I Big Data sono ormai entrati a far parte del mercato tecnologico globale, ma spesso questa definizione viene utilizzata senza aver chiaro di cosa si tratta o di quali sono le accortezze e le tecnologie necessarie per poterli sfruttare al meglio nel loro valore potenziale.
Nel tempo la loro definizione è cambiata, si è evoluto il concetto stesso di Big Data perché sono cambiate le fonti che li generano e di conseguenza le caratteristiche dei Big Data, ma la base rimane costante: i Big Data “non esistono” in quanto nuova entità del mondo moderno, piuttosto possono essere visti come un’evoluzione del concetto di dato che si distingue dal dato “classico” perché ha delle caratteristiche particolari che lo rendono ad altissimo valore aggiunto.
L’analisi dei Big Data, infatti, è in grado di fornire indicazioni preziose per migliorare il business: i Big Data riescono ad essere una fotografia reale ed aggiornata del contesto, per cui le aziende posso usarli per problemi di ottimizzazione, per rendere i processi più efficienti o per trovare nuove opportunità e nuovi modi di aumentare i profitti.
Vediamo nel dettaglio cosa sono i Big Data e che valore aggiunto si può ottenere impostando in azienda adeguati processi di Big Data Analytics.
Cosa sono i big data?
I big data sono definiti come risorse informative (dati) ad alto volume, alta velocità ed alta varietà; richiedono strumenti per la loro gestione ed elaborazione innovativi e convenienti che consentono di migliorare il processo decisionale e ottimizzare l’automazione dei processi.
Questa definizione, tuttavia, non è sufficiente per offrire un quadro completo del “fenomeno Big Data”: non si tratta soltanto di possedere e di gestire grandi moli di dati, la trasformazione in atto è più profonda. Cambia tutto il processo di raccolta, gestione ed uso dei dati, si evolvono le tecnologie a supporto del ciclo di vita del dato e, parallelamente, si sviluppano nuovi ruoli e nuove competenze, ad esempio quella Data Scientist e del Data Engineer.
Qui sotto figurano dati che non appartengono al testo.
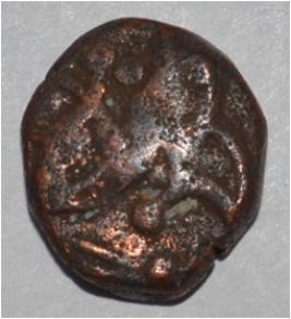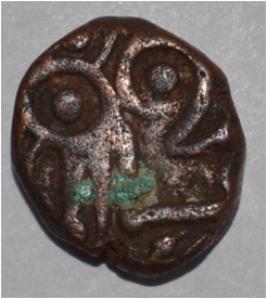 Obverse Horseman on the top. Reverse Couchant bull facing right and hump on the top left.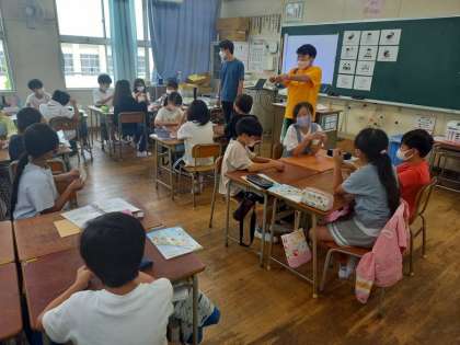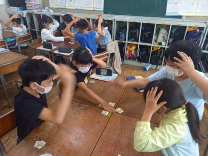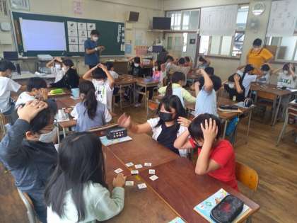 英語で「かるた」とり(4年外国語活動) (9月22日) 公開日 2022/09/22 更新日 2022/09/22 お知らせ 4年生の外国語活動は英語で「かるた」とりをしています。 読み手の先生が英語で書かれた読み札を読みあげると、子どもたちは英語で書かれた取り札を競って取ります。 まさに英語版の「かるた」とりです! いいね(0)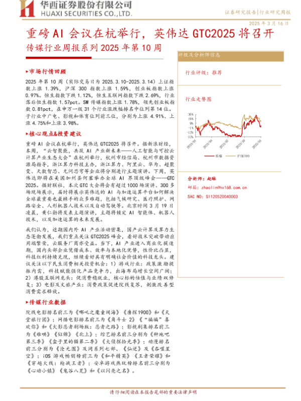 【华西证券】【20250316】2025年第10周:重磅AI会议在杭举行,英伟达GTC2025将召开-35页 行业研究

Per poter parlare di Big Data, inoltre, non basta averli a disposizione, serve che l’architettura aziendale e i processi di acquisizione e gestione siano adeguati. Negli ultimi anni c’è stato infatti un deciso incremento nella produzione dei Big Data, le aziende potrebbero in breve arrivare a produrre zettabyte di dati (miliardi di terabyte), provenienti ad esempio da sensori, satelliti, strumenti finanziari, telefonici, ecc.
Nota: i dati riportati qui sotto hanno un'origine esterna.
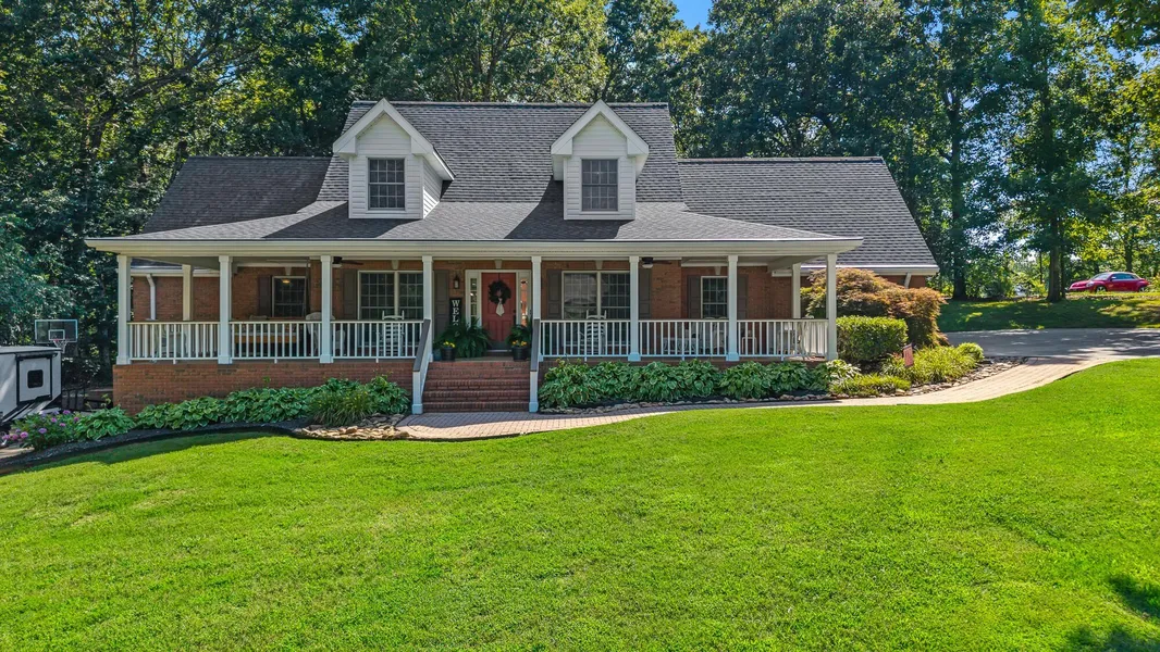Classic brick charmer with updates & space in Etowah! An expansive covered front porch sets the tone for this warm 3BR/2BA home with the primary suite on the main level. The main living area features hardwood floors, crown molding, custom built-ins and a brick fireplace. The remodeled kitchen (approx. 7 yrs) offers granite counters, subway tile backsplash, rich wood cabinetry, an island cooktop, stainless appliances, and great flow to the dining area. Retreat to a generous main-level primary suite. Upstairs provides two oversized bedrooms plus a large bonus/den, perfect for play, office, or media. A full unfinished basement delivers excellent storage/workshop potential and future expansion. Major system updates include a roof 3 years ago, HVAC systems 3 years ago,, new garage doors & openers (2 years ago), and energy-efficient Anderson windows. Outside, enjoy a wide front porch overlooking a manicured, tree-lined yard-ideal for breezy East Tennessee evenings. Convenient Etowah location close to town, yet with a peaceful, residential feel. Move-in ready with room to grow!

D’altra parte, anche se il termine Big Data, tradotto come “dati grandi”, è legato soprattutto all’enorme volume di dati, strutturati e no, in realtà non è soltanto la quantità dei dati che è importante, ma lo sono anche altre qualità, come velocità e varietà che vedremo più avanti.
Nella nostra vita quotidiana siamo continuamente in contatto con i Big Data, ne sono dimostrazione, ad esempio, i sistemi di raccomandazione usati da Netflix e Amazon che, in near real time, analizzano gli acquisti di tutti gli utenti e li confrontano con gli interessi e le ricerche di ogni persona per suggerirgli di guardare (o acquistare) prodotti in linea con i loro gusti.
In altri settori, ad esempio in quello finanziario, alcune aziende, grazie all’analisi dei comportamenti atipici, hanno scoperto di poter valutare il rischio finanziario di un cliente sfruttando alcune ricerche di data mining. Da una simpatica ricerca è emerso che coloro che acquistano feltrini e protezioni varie per i mobili e per la casa risultano solitamente clienti a basso rischio, migliori per gli istituti di credito perché più responsabili ed attenti ai propri averi e tipicamente più propensi a colmare i debiti.
Perché i Big Data sono importanti?
Saper gestire i Big Data in modo efficiente implementando un buon processo di Big Data Analytics può fare la differenza per il successo delle aziende di tutti i settori. La trasversalità delle Big Data Analytics è legata alle caratteristiche stesse dei Big Data e per questo porta benefici alle aziende di tutti i settori con un forte impatto su tutte le fasi del ciclo produttivo e delle politiche strategiche aziendali.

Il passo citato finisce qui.